ДМИТРИЙ ДМИТРИЕВИЧ ИВАНЕНКО, РАВИЛ ВАГИЗОВИЧ ГАЛИУЛИН

 

Основанный на системах Делоне пространств постоянной кривизны дискретный подход к описанию структуры Вселенной позволяет охватить все ее иерархические уровни, начиная от элементарных частиц и кончая упаковкой сверхскоплений галактик. В самом общем виде системы Делоне представляют расположения центров молекул в идеальном газе, в наиболее вырожденном виде – идеальные кристаллические структуры. Все остальные состояния материи находятся в промежутке между двумя этими предельными состояниями. Большая часть этого промежутка занята дефектными кристаллическими структурами, т.е. на долю остальных состояний материи приходится весьма незначительный интервал. Полученную извне энергию система тратит на упорядочение. А идеальный порядок может быть только в кристаллических структурах. Поэтому открытые системы на любых иерархических уровнях стремятся к кристаллическому состоянию.

 

Рисунки к данной работе, а также новые ссылки [5-9,15], отражающие современное развитие темы, добавлены Р.В.Галиулиным по просьбе редакции.  – Прим. Ред.

 

DELONE SETS IN THE SPACES OF CONSTANT CURVATURE AS DISCRETE MATHEMATICAL MODELS FOR DESCRIPTION THE STRUCTURES OF ALL STATES OF MATTER (FROM THE ELEMENTARY PARTICLES TO THE LARGE SCALE OF THE UNIVERSE)
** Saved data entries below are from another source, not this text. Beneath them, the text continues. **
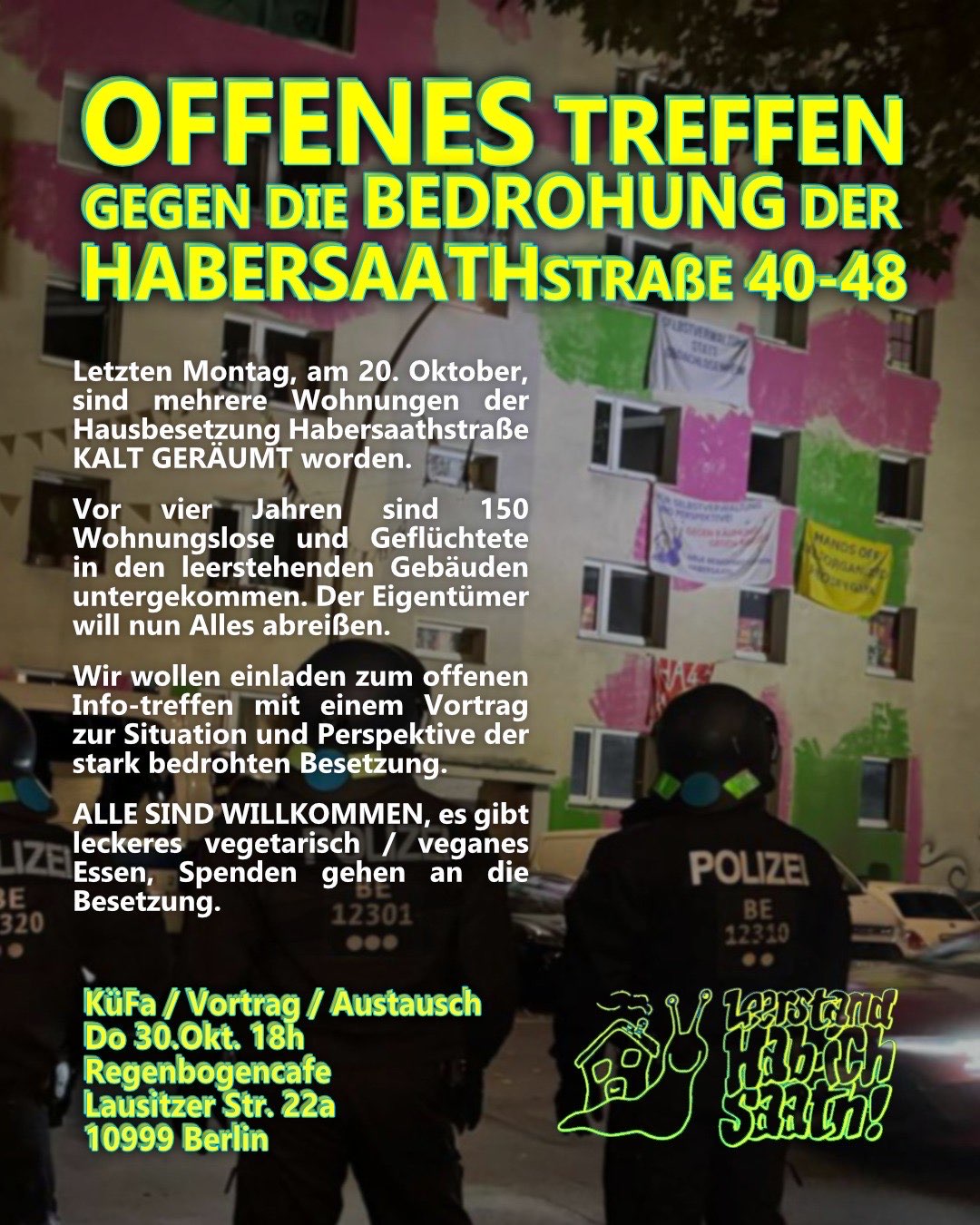 Letzten Montag, am 20. Oktober, sind mehrere Wohnungen der Hausbesetzung Habersaathstraße KALT GERÄUMT worden.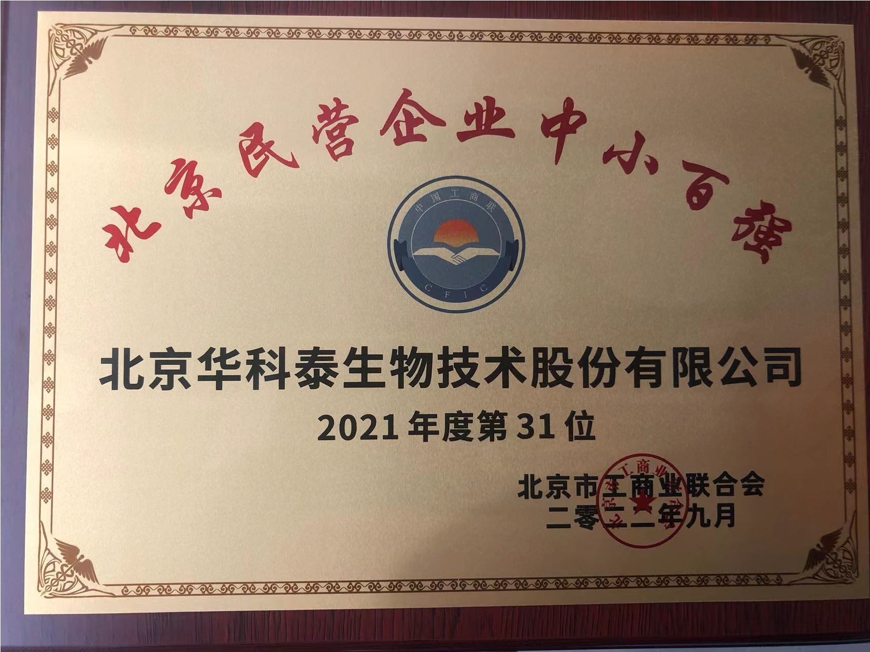 北京市民营企业中小百强2021年度第31位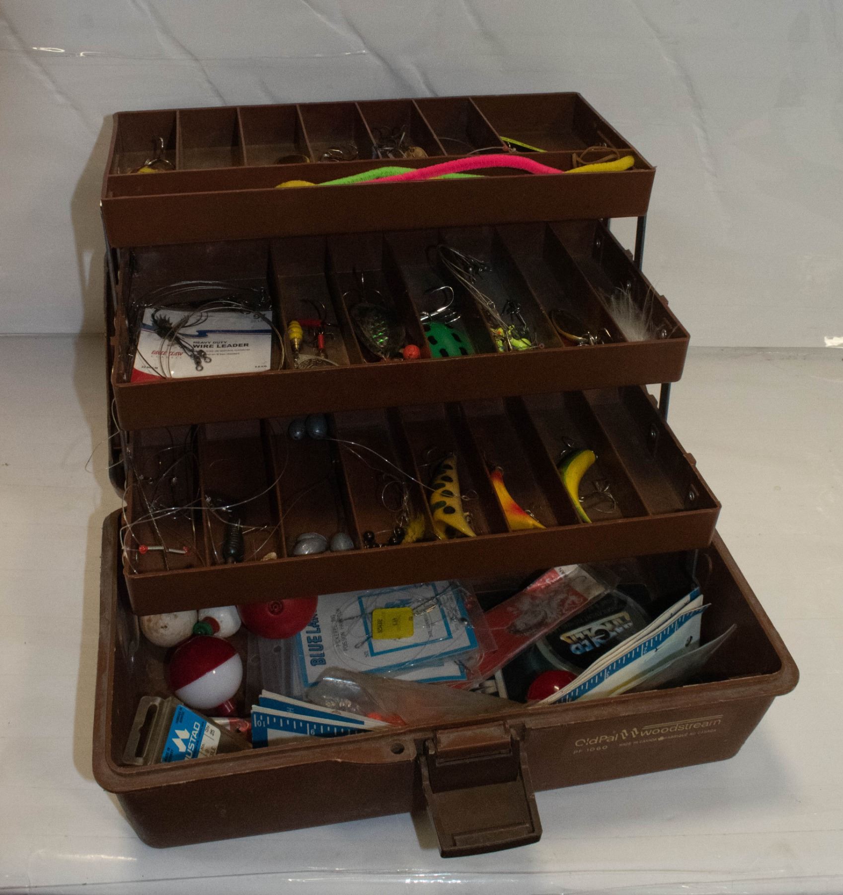 FISHING TACKLE BOX, FULL OF TACKLE W/ LARGE
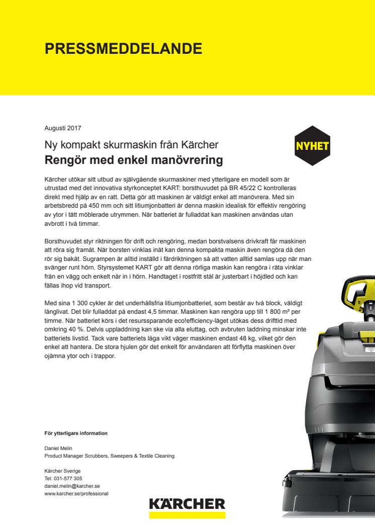 Kärcher utökar sitt utbud av självgående skurmaskiner.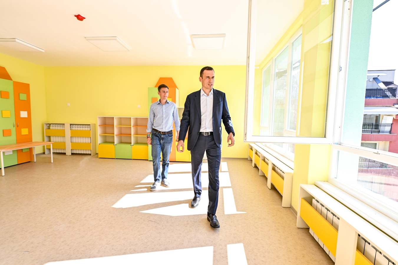 В новата сграда са изпълнени помещения за три яслени групи, както и физкултурно-музикален салон, а в двора са обособени детски площадки.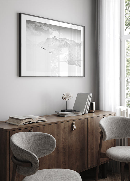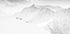 Eine helle, minimalistische Szene aus den Sunnmør-Alpen in Norwegen: eine Reihe kleiner Silhouetten von Wanderern und Skifahrern, die sich in einer Reihe entlang eines schneebedeckten Bergrückens auf einen entfernten Gipfel zubewegen. Die feinen Linien und das hohe Licht erzeugen einen grafischen, fast schwerelosen Ausdruck. Foto von Åsmund Keilen. Der Kontrast zwischen der weißen Schneelandschaft und den dunklen Figuren verleiht Tiefe und Ruhe.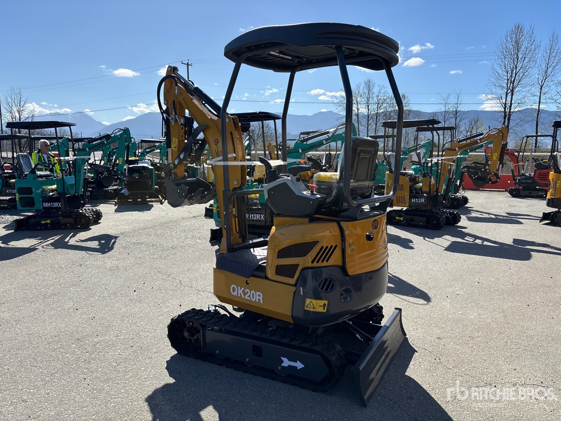 2025 US EPA Label, 3 ft Stick, Backfill Blade, 7 in Rubber Tracks, 14 in Digging Bucket, Manual Thumb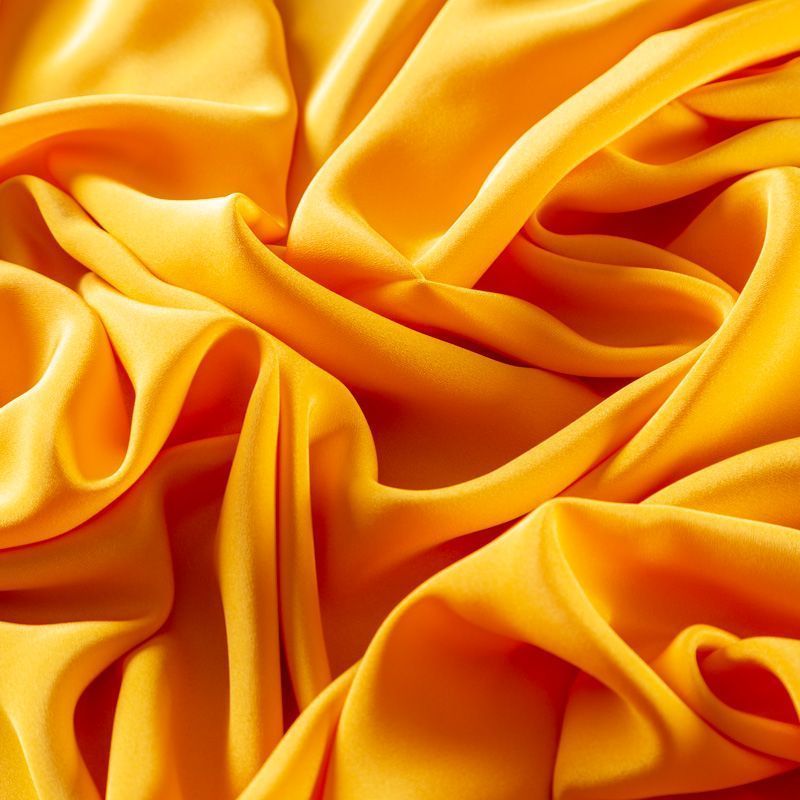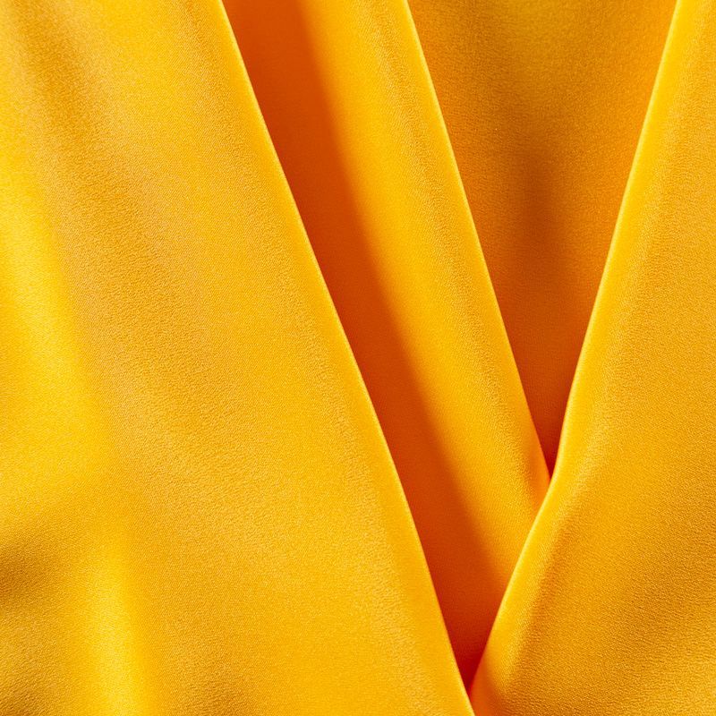 Итальянский натуральный шелковый крепдешин в насыщенном желтом оттенке, фактурный, легкий и струящийся, слегка просвечивает, отлично драпируется, тянется за счет эластана в составе. Идеально подойдет для пошива платьев и сарафанов расклешенных моделей, с воланами, летящих юбок, топов, блузки, юбки, широких брюк, костюма в пижамном стиле.

DMITRI DMITRIEVICH IVANENKO, RAVIL VAGIZOVICH GALIULIN

 


 

While simulating the given state of the matter (gas, liquid, solid state, plasma) its structure is supposed to be either continuous (in the mechanics of the continuous medium) or discrete (in the statistical physics and crystallography). The main goal of this paper is to create a new method of discrete mathematical simulation for the main states of the matter the space-time distribution of particles which is defined by the points of so-called Delone sets.

The space-time discrete models appeared in modern physics in 1930 [1]. In 1937 a famous geometer B.N. Delone (Delaunay) [2] (Fig. 1) proposed the general model of discrete systems for the study of positive quadratic forms. The term "Delone sets" and its interpreta-tion as the arrangement of atomic centers for each real atomic structure was introduced in 1980 [3]. An ideal gas and ideal crystal are two opposite states which have exact description. The first one is simulated by the most general case of Delone systems, the second one by most singular Delone sets. All other states of the matter can be considered as intermediate states between them. It may be fractal systems of points, which finite sets of hierarchical levels also are Delone sets.

Fig. 1. Fragment of Delone set.

 

Delone sets in non-Euclidean spaces make it possible to consider new unusual substances - quasicrystals and fullerenes, lately discovered, as ideal crystals in hyperbolic and spherical spaces respectively. It is impossible in Euclidean space. They allow to describe more wider class of substances including these which had no mathematical description before and to simulate the extremal states of matter such as quark-gluon plasma [4] - the main component of neutron stars, the black holes, packing Galaxies and Supergathering of Galaxies in Universe, and substance of the Universe evolution initial stage (in accordance with a hypothesis). Last investigation shows that Fermi-Dirac and Bose-Einstein condensates beeng considering as nanocrystals and electron orbitals [5,6,7, 8,9] are regular Delone sets too.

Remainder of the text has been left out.